Prasinococcus

Scientific classification
- Clade: Viridiplantae
- Phylum: Prasinodermophyta
- Class: Palmophyllophyceae
- Order: Prasinococcales
- Family: Prasinococcaceae
- Genus: Prasinococcus Miyashita & Chihara 1993
- Species: P. capsulatus
- Binomial name: Prasinococcus capsulatus Miyashita & Chihara 1993

= Prasinococcus =

- Authority: Miyashita & Chihara 1993
- Parent authority: Miyashita & Chihara 1993

Genus of algae

Prasinococcus is a monotypic genus of green algae, containing the only species Prasinococcus capsulatus, in the monotypic family Prasinococcaceae. This unicellular algal species was discovered in 1990 in the West Pacific Ocean and has characteristic reproduction methods as well as an interesting and potentially exploitable morphology. This is the only species in the genus, though various strains exist, for example URI 266G is the Atlantic clone.

==Discovery==
Prasinococcus capsulatus, the only currently known member of this genus, was discovered in the West Pacific Ocean during a cruise by the research vessel Sohgen-maru in November–December 1990. The name "'capsulatus'" coming from the alga's large capsule which surrounds the cell.

==Morphology==
Prasinococcus have a firm cell wall lacking scales and also lack flagella. The mitochondrial lobe and chloroplast outer membrane both protrude into the pyrenoid matrix which is considered characteristic of the genus.

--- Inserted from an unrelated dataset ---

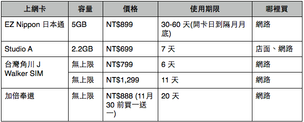 現在越來越普遍的上網卡其實就是使用一張 SIM 卡來進行,目前市面上較為普遍的共有這四家上網卡,其中 EZ Nippon 主打 5GB 可以使用最多 60 天在推出便引起一陣迴響; Studio A 雖然有著 2.2GB 容量的限制,但其實超過並不會因此不能使用,只是會做降速的限制,並且由於實體店面的分佈優勢,讓消費者在購買上相對的容易與具有機動性。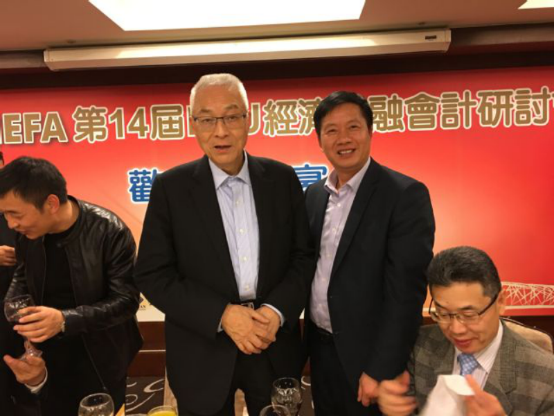2月13-17日,第十四届IEFA经济金融会计研讨会在台湾大学召开。本次会议由台湾大学金融研究中心、台湾金融教育协会、北京大学经济学院、清华大学中国金融研究中心、中国人民大学金融与证券研究所、复旦大学经济学院等单位共同主办。中国国民党主席吴敦义出席了欢迎晚宴并致辞。

The cell wall has a protruding circular collar which is surrounded by holes which penetrate the cell wall. Its method of asexual reproduction is also considered characteristic - after cell division one daughter cell remains within the original cell wall while the other is extruded.

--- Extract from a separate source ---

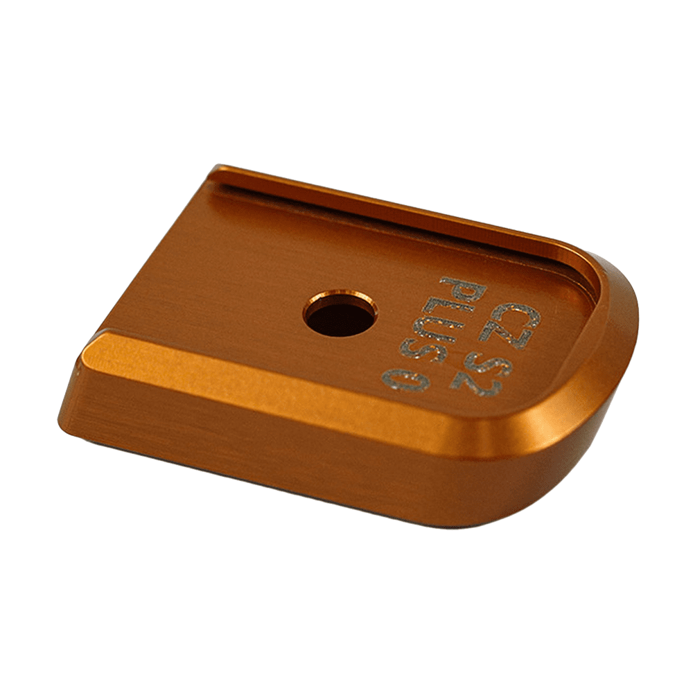 The LokGrips +0 base pad is CNC machined from solid 6061 Aluminum and anodized in a striking orange coloration. Machined so that the front edge matches the angle of the magazine, this pad is designed for a more natural grip during reloads.

The most notable feature of P. capsulatus morphology is its large capsule composed of an exo-polysaccharide which has been dubbed "capsulan". Capsulan is thought to be synthesised in the Golgi and then secreted through the decapore (a specialised circle of 10 pores through the cell wall). After exiting the decapore capsulan becomes visible and it is thought that it cross links with divalent ions in the seawater. Research is currently underway to find potential applications for capsulan and how to maximise its production.

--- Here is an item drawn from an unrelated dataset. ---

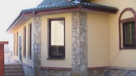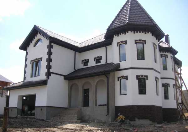 Стены монолитного дома из арболитаСтены строения из арболита могут быть покрыты штукатуркой или другим более прочным отделочным материалом:

The capsule's function is not clearly defined but various explanations have been suggested. One is that it offers protection to newly divided cells which lack a thick cell wall, another is that it provides a template for daughter cells to synthesise their new cell wall. The capsule may also interfere with filter feeding, thus reducing predation. In similar species, capsules have been noted for their antibacterial properties and a conspicuous lack of bacteria as well as viral particles in impure samples of P. capsulatus has been observed.

The pigments of Prasinococcus include chlorophylls a and b, prasinoxanthin, Mg 2, 4-diviriylphaeoporphyrin a5 monomethyl ester (Mg 2, 4-D) and 5, 6-epoxy-3, 3′-dihydroxy-5, 6, 7′, 8′-tetrahydro-β-ε-caroten-11′ and 19-olide (uriolide).

==Reproduction==
Sexual reproduction has not been observed in P. capsulatus but its mode of asexual reproduction is quite distinctive. The cell splits into two daughter cells while remaining inside the original cell wall, one daughter cell then begins to enlarge, while the other is pushed out of a small hole in the parental cell wall. The larger cell remains in the original cell wall while the other migrates to the edge of the capsule which surrounds them both. Before leaving the parental capsule this daughter has synthesised its own firm cell wall after which it leaves the parental capsule and begins to produce its own capsule.

Others claim that this mode of reproduction immature cells with thinner walls older cells with thicker walls must first discard the paternal cell wall before undergoing binary fission and then each daughter cell produces its own new cell wall. This is evidenced by abandoned cell walls residing in mature cells' capsules.

==Distribution==
P. capsulatus is an important contributor to oceanic biomass especially in late winter to early spring. Its range covers much of the West Pacific and West Atlantic Oceans.

==Bio-remediation==
P. capsulatus is currently being studied for use in Carbon Dioxide capture, especially important as it recycles this carbon into capsulan which may be a useful compound.